The paper excerpted below was written in May this year by Soham Kacker [University of Oxford] and myself, and illustrated beautifully by Chippy Diac Vivekanandah [Studio Bristletoe]–for the 2024 Oxford Food Symposium on “Gardens, Flowers, and Fruit.” Our session itself happens online on July 19, 4pm BST, in case this teaser tempts you all enough to get (admittedly somewhat pricey) tickets and join the conversation.
I believe I speak for both my co-authors when I say that this was perhaps the happiest, even most joyous, piece of writing & creating we ever did. And for me, it was preparation for a visit to Kedarnath and Badrinath in the Garhwal Himalaya, where I met the very daruka trees that create one of the most profound settings for Siva’s dance, rudraksha, and more. That was a yatra, not an ethnobotanical foray–but still, the cycle was complete.
1. Kuśasthalī, or the forest in time
NAture as botanical material, constituted of plants, flowers, leaves, trees, whole gardens or entire forests, plays an abundant role in Hindu narrative and worship traditions—but is rarely the focus of specific scholarly attention. Attending to that gap, this essay seeks Śiva’s garden or, more accurately, a botanical landscape in which to place Śiva, because forests, plants, and flowers can be called upon to present particular views of Śaiva or Śiva-centric cosmology. Śiva takes many colourful forms in Hindu stories: he is the wild and fierce Rudra who glows in fire-reds; the great mountain-dwelling ascetic, white and pure; the blue-throated swallower of poisons; the compassionate and beautiful God bedecked with garlands of golden yellow karnikā. What if botanical stories and insights from Śaiva texts could be gathered—what would gardens grown of those plants look like? And what might these tell of Śaiva ways of knowing and being?

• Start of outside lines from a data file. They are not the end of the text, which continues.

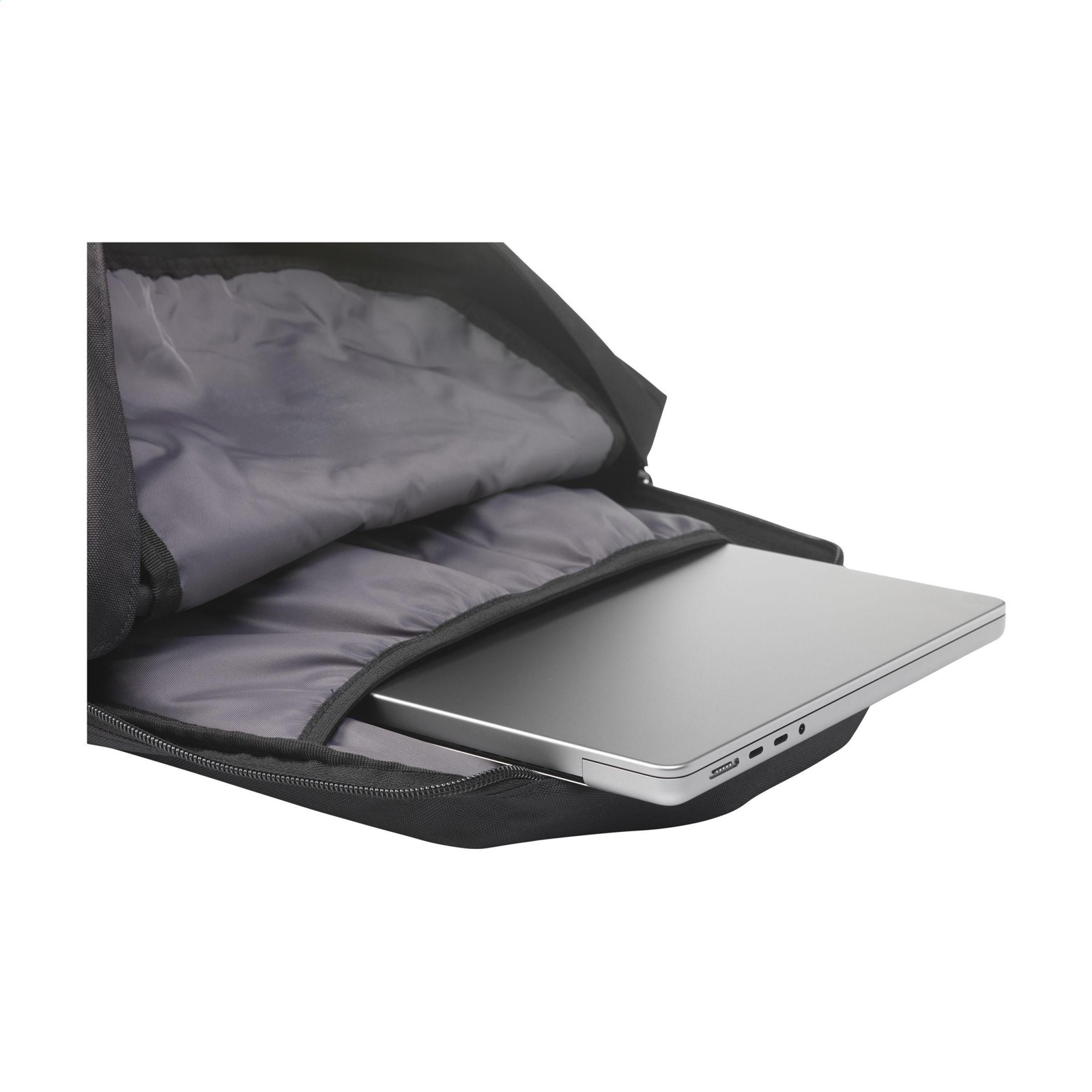 Practical, sturdy and water-resistant urban ‘roll-top’ backpack made from RPET Polyester (made from recycled PET bottles). The backpack has a large inner compartment with a special laptop compartment (up to 15.6”). Zipper pocket on the front with a reflective highlight below it (improving visibility in the dark). With 2 side pockets, foam back and padded, adjustable shoulder straps for increased wearing comfort, carrying strap and handy roll closure with click system at the top. The perfect bag for everyday use. Total recycled material: 51%. Capacity approx. 20 litres.
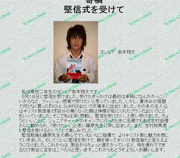 幼児洗礼を受けてた翔太が、高校生になって堅信を受けた2005年、月報「コイノニア」10月号に投稿してくれていたのを思いだし、探し出しました。
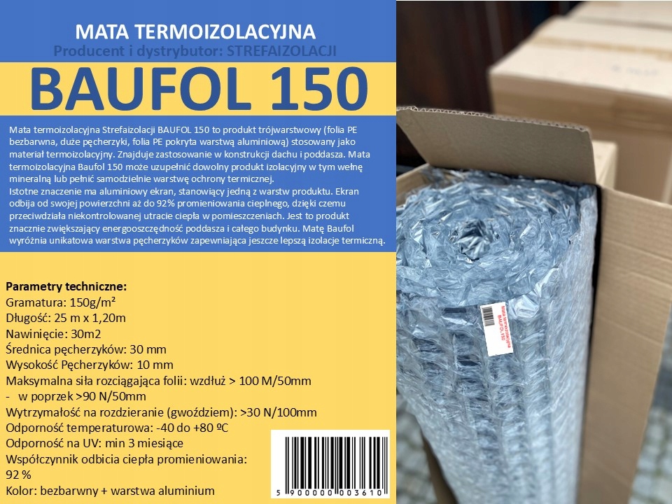 Важливий також алюмінієвий екран, який є одним із шарів виробу. Екран відбиває до 92% теплового випромінювання від своєї поверхні, запобігаючи неконтрольованим тепловтратам у приміщеннях. Це продукт, який значно підвищує енергоефективність мансарди та всієї будівлі. Мат Baufol відрізняється унікальним шаром дрібних бульбашок, що забезпечує ще кращу теплоізоляцію.
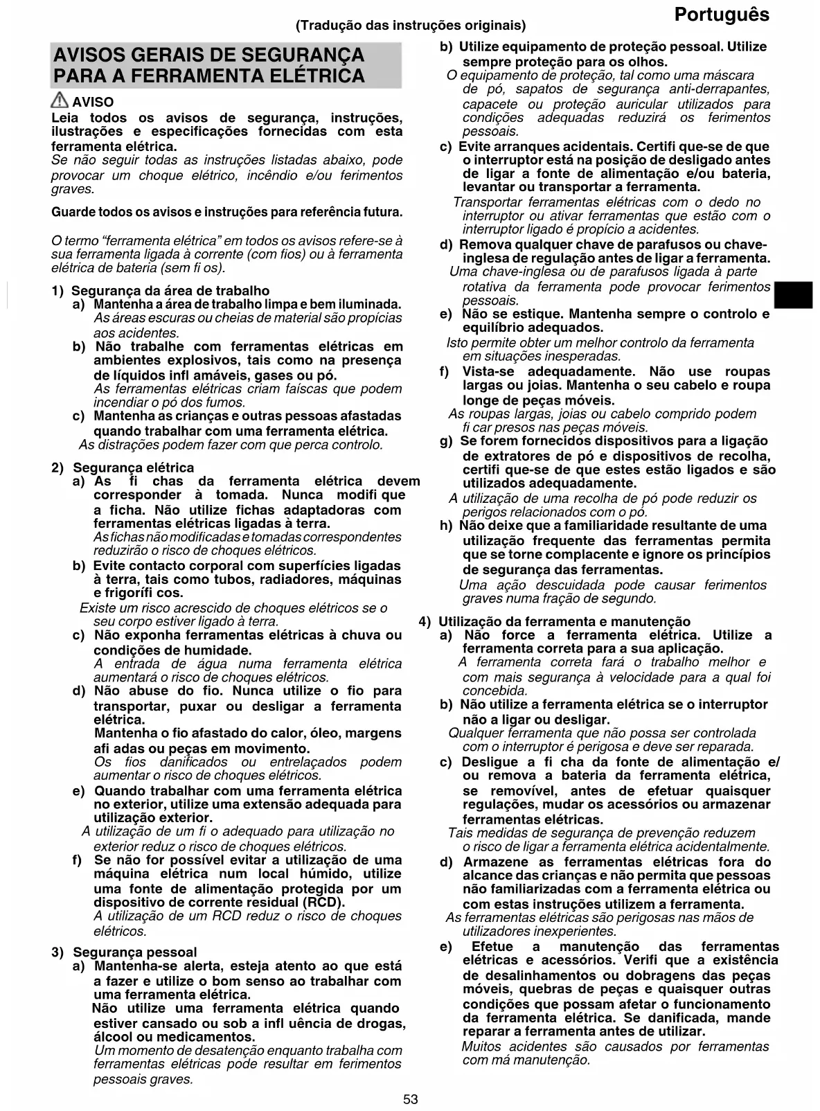 a) Mantenha-se alerta, esteja atento ao que está a fazer e utilize o bom senso ao trabalhar com uma ferramenta elétrica. Não utilize uma ferramenta elétrica quando estiver cansado ou sob a infl uência de drogas, álcool ou medicamentos. Um momento de desatenção enquanto trabalha com ferramentas elétricas pode resultar em ferimentos pessoais graves. (Tradução das instruções originais) 0000BookCV12DA.indb530000BookCV12DA.indb53 2019/12/1612:36:552019/12/1612:36:5554 Português f) Mantenha as ferramentas de corte afi adas e limpas. As ferramentas de corte com uma manutenção adequada e extremidades afi adas são menos propensas a dobrar e mais fáceis de controlar.

No sooner had we posed the question than we found ourselves in a forest. Methodologically, this was simply the immense and dense thicket of Saiva texts through which we now needed to chart a course. Śaiva literature is comprised of a vast number of works of varying length and complexity, accrued over centuries from different parts of the country, encompassing several lay and initiate traditions, and including devotional expressions as much as doctrinal and practical exegeses. We have tended to rely less on texts expounding Śaiva philosophies and more on literary, devotional, and practice-oriented sources, as it is largely there that engagements with the plant world gain importance. We draw mostly from Purāṇic sources, rich in story and mythology, and on Mantramārga [‘the path of mantras’] sources within initiate traditions, particularly Śaiva Siddhānta [‘the conclusive truth about Śiva’] and (generally South Indian) devotionalism, as each has shaped what we could call ‘everyday Śaivism’ and each contains, as we read it, a garden. We also reference Vedic and other ascetic traditions were pertinent.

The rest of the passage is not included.